The weights of a neural network are an important part in the training phase, because these affect the performance of the learning process of the neural network.

This conclusion is based on the practice of neural networks of this type, where some research works have shown that the training of neural networks for the same problem initialized with different weights or its adjustment in a different way but at the end is possible to reach a similar result.

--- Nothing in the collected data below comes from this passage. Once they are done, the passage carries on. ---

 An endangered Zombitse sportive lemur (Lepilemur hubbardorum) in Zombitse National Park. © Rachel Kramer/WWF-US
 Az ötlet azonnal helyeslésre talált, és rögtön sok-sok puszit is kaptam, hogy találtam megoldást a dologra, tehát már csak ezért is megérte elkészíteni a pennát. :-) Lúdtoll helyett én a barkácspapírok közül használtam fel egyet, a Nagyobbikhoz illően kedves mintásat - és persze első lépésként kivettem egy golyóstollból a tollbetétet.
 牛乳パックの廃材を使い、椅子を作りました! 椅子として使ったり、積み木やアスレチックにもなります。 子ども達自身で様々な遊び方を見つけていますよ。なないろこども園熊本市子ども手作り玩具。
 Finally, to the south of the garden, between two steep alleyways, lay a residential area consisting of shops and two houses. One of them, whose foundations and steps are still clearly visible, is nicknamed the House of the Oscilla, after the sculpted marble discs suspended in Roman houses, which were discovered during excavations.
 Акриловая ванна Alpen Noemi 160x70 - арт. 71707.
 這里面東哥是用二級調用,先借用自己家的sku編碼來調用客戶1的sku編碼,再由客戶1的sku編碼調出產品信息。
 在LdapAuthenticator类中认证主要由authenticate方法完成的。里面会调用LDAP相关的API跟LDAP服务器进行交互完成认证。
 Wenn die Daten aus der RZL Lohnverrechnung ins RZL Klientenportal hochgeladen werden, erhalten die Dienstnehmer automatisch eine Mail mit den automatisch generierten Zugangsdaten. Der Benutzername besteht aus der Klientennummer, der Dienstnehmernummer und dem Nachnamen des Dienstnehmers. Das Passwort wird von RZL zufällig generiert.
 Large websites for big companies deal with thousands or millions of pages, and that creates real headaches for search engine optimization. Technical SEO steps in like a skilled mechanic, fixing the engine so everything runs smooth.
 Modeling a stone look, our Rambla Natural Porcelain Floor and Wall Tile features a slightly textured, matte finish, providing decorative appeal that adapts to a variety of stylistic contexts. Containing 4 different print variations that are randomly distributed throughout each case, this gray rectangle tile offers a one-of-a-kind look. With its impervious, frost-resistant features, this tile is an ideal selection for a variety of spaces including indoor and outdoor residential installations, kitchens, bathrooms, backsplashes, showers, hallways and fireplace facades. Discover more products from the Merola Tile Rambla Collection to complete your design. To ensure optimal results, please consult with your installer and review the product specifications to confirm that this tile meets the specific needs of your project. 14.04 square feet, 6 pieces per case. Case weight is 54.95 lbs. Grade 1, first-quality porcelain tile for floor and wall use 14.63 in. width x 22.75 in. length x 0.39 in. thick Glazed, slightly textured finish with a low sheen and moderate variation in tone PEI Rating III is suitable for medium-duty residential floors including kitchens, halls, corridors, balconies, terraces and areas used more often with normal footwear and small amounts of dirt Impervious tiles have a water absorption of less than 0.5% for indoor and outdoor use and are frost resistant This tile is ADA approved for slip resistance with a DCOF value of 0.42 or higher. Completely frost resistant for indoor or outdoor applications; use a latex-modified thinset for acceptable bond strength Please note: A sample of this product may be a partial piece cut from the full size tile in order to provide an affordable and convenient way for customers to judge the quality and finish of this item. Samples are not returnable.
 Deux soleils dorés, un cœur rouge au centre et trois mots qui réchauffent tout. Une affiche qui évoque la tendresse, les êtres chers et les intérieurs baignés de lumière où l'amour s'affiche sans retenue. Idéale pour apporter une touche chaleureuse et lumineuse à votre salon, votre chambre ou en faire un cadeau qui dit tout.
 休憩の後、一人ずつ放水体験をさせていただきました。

The next section presents the basic concepts of neural networks and type-2 fuzzy logic. Section 3 presents a review of research about modifications of the backpropagation algorithm, different management strategies of weights in neural networks and time series prediction. Section 4 explains the proposed ensemble neural network. Section 5 describes the simulation results for the ensemble neural network with average integration and the type-2 fuzzy integrator proposed in this paper. Finally, in Sect. 6, some conclusions are presented.

2 Basic Concepts

2.1 Neural Network

An artificial neural network (ANN) is a distributed computing scheme based on the structure of the nervous system of humans. The architecture of a neural network is formed by connecting multiple elementary processors, this being an adaptive system that has an algorithm to adjust their weights (free parameters) to achieve the performance requirements of the problem based on representative samples [1, 2]. The most important property of artificial neural networks is their ability to learn from a training set of patterns, i.e. they are able to find a model that fits the data [3, 4].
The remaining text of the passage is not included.